Once, responding to persistent inquiries from an earnest Terry McIver, Boogie allowed that in the opening chapter of his discombobulating novel-in-progress, set in 1912, his protagonist disembarks from the Titanic, which has just completed its maiden voyage, docking safely in New York, only to be accosted by a reporter. "What was the trip like?" she asks.
Improvising, I'm sure, Boogie went on to say that two years later, his protagonist, riding in a carriage with the Archduke Francis Ferdinand of Austria-Hungary and his missus, drops his opera glasses as they bounce over a bump in the road. The archduke, big on noblesse oblige, stoops to retrieve them, thereby avoiding an assassination attempt by a Serb nutter. A couple of months later, however, the Germans invade Belgium all the same. Then, in 1917, Boogie's protagonist, shooting the breeze with Lenin in a Zurich café, asks for an explanation of surplus value, and Lenin, warming to the subject, lingers too long over his mille-feuille and café au lait, and misses his train, the sealed car arriving in the Finland Station without him.
"Isn't that just like that fucking Ilyich?" says the leader of the delegatio n come to greet him on the platform. "Now what is to be done?"
"Maybe Leon would get up and say a few words?"
"A few words? Leon? We'll be standing here for hours."
Boogie told Terry he was fulfilling the artist's primary function -- making order out of chaos.
"I should have known better than to ask you a serious question," said Terry, retreating from our café table.
In the ensuing silence, Boogie, by way of apology, turned to me and explained that he had inherited, from Heinrich Heine, le droit de moribondage.

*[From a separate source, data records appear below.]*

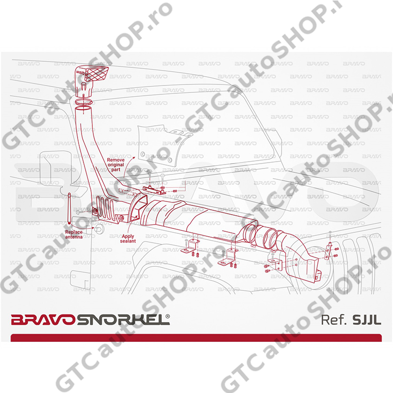 Snorkel Bravo pentru Jeep Wrangler JL, productie 2017 - prezent. Nu este compatibil cu motorizarea 3.0 Eco-Diesel!
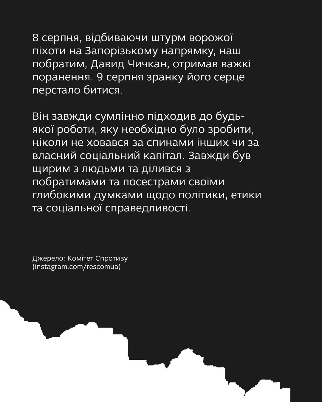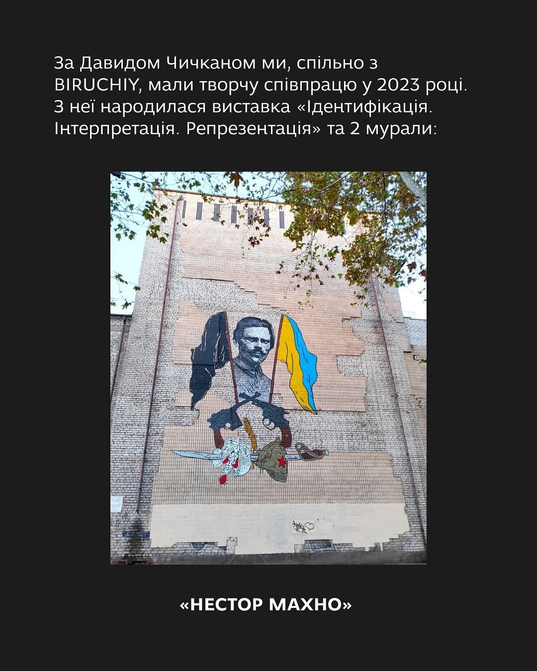 Співпраця з художником Давидом Чичканом подарувала Запоріжжю два мурали: «Нестор Махно» та «Квітка для окупанта». Він був щирою, сумлінною та глибокою людиною.
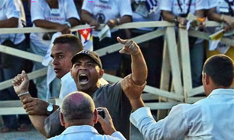 In an incident just as Benedict entered Santiago’s main square to celebrate Mass, a man shouted “down with the revolution” and was led away by security agents.
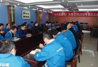 山東起重機(jī)廠有限公司第四屆第二次董事會會議、2009年股東大會于二零零九年三月十四日在山東起重機(jī)廠有限公司會議室召開,公司董事長徐新民主持會議,總經(jīng)理周嗣臣作二零零八年度工作報告,財務(wù)總監(jiān)葛虹作財務(wù)工作報告。會議應(yīng)到股東42人,實到股東36人,公司董事會成員和監(jiān)事會成員列席了會議。經(jīng)過投票表決,會議審議通過了《二零零八年度工作報告》、《二零零八年度財務(wù)決算方案》、《二零零九年度財務(wù)預(yù)算方案》和《二零零八年度利潤分配方案》。
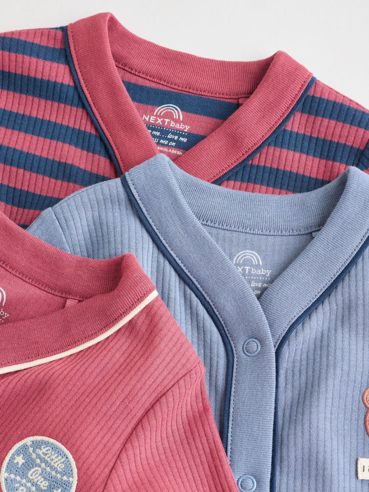 Machine washable. 3 x Sleepsuit 100% Cotton. Country of Origin: Bangladesh Warning: Keep away from fire and flames.

Boogie could yank that sort of conversation-stopper out of the back pocket of his mind, propelling me to a library, educating me.
I loved Boogie and miss him something awful. I would give up my fortune (say half) to have that enigma, that six-foot-two scarecrow, lope through my door again, pulling on a Romeo y Julieta, his smile charged with ambiguity, demanding, "Have you read Thomas Bernhard yet?" or "What do you make of Chomsky?"
God knows he had his dark side, disappearing for weeks on end -- some said to a yeshiva in Mea Shearim and others swore to a monastery in Tuscany -- but nobody really knew where. Then one day he would appear -- no, materialize -- without explanation at one of the cafés we favored, accompanied by a gorgeous Spanish duchess or an Italian contessa.
On his bad days Boogie wouldn't answer my knock on his hotel-room door or, if he did, would say no more than "Go away. Let me be," and I knew that he was lying on his bed, high on horse, or that he was seated at his table, compiling lists of the names of those young men who had fought alongside him and were already dead.
It was Boogie who introduced me to Goncharov, Huysmans, Célin e, and Nathanael West. He was taking language lessons from a White Russian watchmaker whom he had befriended. "How can anybody go through life," he asked, "not being able to read Dostoevsky, Tolstoy, and Chekhov in the original?" Fluent in German and Hebrew, Boogie studied the Zohar, the holy book of the Kabbalah, once a week with a rabbi in a synagogue on rue Notre-Dame-de-Lorette, an address that delighted him.
Then years ago, I collected all eight of Boogie's cryptic short stories that had been published in Merlin, Zero, and the Paris Review, with the intention of bringing them out in a limited edition, each volume numbered, elegantly printed, no expense spared. The story of his that I've read again and again, for obvious reasons, is a variation on a far-from-original theme, but brilliantly realized, like everything he wrote. "Margolis" is about a man who walks out to buy a package of cigarettes and never returns to his wife and child, assuming a new identity elsewhere.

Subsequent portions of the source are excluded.